Das Wichtigste in Kürze:
- Neue Anbieter verkaufen Rechtsdienstleistungen zum Bruchteil eines Anwaltshonorars.
- Laut Studien könnten Algorithmen bald die Hälfte von Anwaltsarbeiten ersetzen.
- Firmen-Gründungen, Betreibungen, Ehescheidungen – für LegalTech-Unternehmen sind Rechtsgeschäfte von Interesse, die häufig vorkommen und sich standardisieren lassen.
- Seit 2010 haben LegalTech Start-ups 1,8 Milliarden Dollar Kapital gesammelt.
Eine der letzten Bastionen bröckelt: Der 700 Milliarden Dollar schwere Rechtsmarkt. Bisher blieben Anwaltskanzleien weitgehend von Digitalisierung und Automatisierung verschont.
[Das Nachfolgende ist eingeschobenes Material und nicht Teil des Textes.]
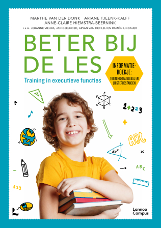 Kinderen met ADHD en/of leerproblemen hebben op school vaak problemen met het werkgeheugen, plannen en controleren: dat worden ook wel 'executieve functies' genoemd, de regelfuncties van het brein. Deze functies spelen een cruciale rol bijhet leren en zijn dan ook voorspellend voor leerprestaties. Met de training van Beter bij de les krijgen kinderen op school meer inzicht in hun leergedrag. Het kind wordt getraind om naar het eigen functioneren te kijken, zodat het zichzelf uiteindelijk zo veel mogelijk zelfstandig kan bijsturen. Naast het aanleren van leerstrategieën ten aanzien van aandacht, planning, werkgeheugen, doel- en taakgericht gedrag en metacognitie, wordt ook het werkgeheugen getraind met de oefeningen.Beter bij de les is bedoeld voor kinderen op de basisschool vanaf 8 jaar en bestaat uit een: - Werkboek - Handleiding en- Trainingsmateriaal en luisterbestanden. De leerkracht wordt actief betrokken bij de training en krijgt hierdoormeer inzicht in het leergedrag van de leerling dat ontstaat door executieve functieproblemen. Hierdoor kan de leerkracht eerder doelgericht ingrijpen en de juiste ondersteuning bieden. Kinderen werken onder begeleiding van een Beter bij de les-coach. Het materiaal is ontwikkeld door een projectteam van de Bascule, academisch centrum voor kinder- en jeugdpsychiatrie in samenwerking met het Academisch Medisch Centrum (AMC) en is bewezen effectief.

Doch zunehmend geraten sie in Bedrängnis; neue Anbieter verkaufen Rechtdienstleistungen zu einem Bruchteil der Preise, die Anwaltskanzleien häufig verlangen.
Anfang Monat hat das Zürcher Start-up Digitalcounsels ein Angebot lanciert, mit dem Mieter beim Vermieter eine Mietzinsreduktion verlangen können. Nach wenigen Mausklicks ist ein eingeschriebener Brief zum Vermieter unterwegs. Der Mieter braucht nicht selber zur Post zu gehen. Gegen einen Aufpreis unterschreibt sogar ein Anwalt das Schreiben, um dem Begehren mehr Gewicht zu geben. «Man kann klar aufzeigen, dass man Mehrwert für Kunden schaffen kann. Und das für sehr wenig Geld», sagt Rechtsanwalt und Digitcalcounsels-Gründer Dominic Rogger zu seiner Idee: Industrialisierung und Standardisierung im Rechtsbereich seien immer noch sehr tief verglichen mit anderen Branchen.
Dieser Trend heisst LegalTech. Laut einer Studie des Beratungsunternehmens Boston Consulting und der Bucerius Law School in Hamburg könnten bis zu 50 Prozent der Arbeiten, die in einer Kanzlei vor allem Junganwälte ausführen, von Algorithmen übernommen werden. Selbst massgeschneiderte Lösungen könnten zu einem grossen Teil durch technologie-basierte Anwendungen erfüllt werden. Laut dem Beratungsunternehmen CB Insights haben Investoren seit 2010 1,8 Milliarden Dollar in LegalTech Start-ups investiert.
Wer sich nicht anpasst, wird von Algorithmen ersetzt
Bereits gross im Geschäft ist das Berliner Unternehmen Leverton. Es bietet eine Software an, die grosse Mengen an Verträgen in 25 unterschiedlichen Sprachen nach Schlüsseldaten analysiert und auswertet. Zu den Kunden gehören die Deutsche Bank, der Vermögensverwalter Blackstone oder die globale Anwaltskanzlei BakerMckenzie.
Laut Leverton-Geschäftsführer Micha Bues würden viele Firmen Informationen aus Daten immer noch «sehr händisch» durchführen: «Das ist sehr aufwändig, sehr teuer und sehr fehleranfällig.» Deswegen würden Kunden die Leverton-Software nutzen. Grosse Datenauswertungen benötigen Unternehmen etwa vor Firmenübernahmen. Für Micha Bues ist klar: «In fünf bis zehn Jahren werden neue Geschäftsideen und Produkte den herkömmlichen Anwälten Konkurrenz machen, so dass wir bessere Rechtsberatungen sehen werden.» Wer sich auf klassischer Rechtsberatung ausruhe, der werde Probleme bekommen.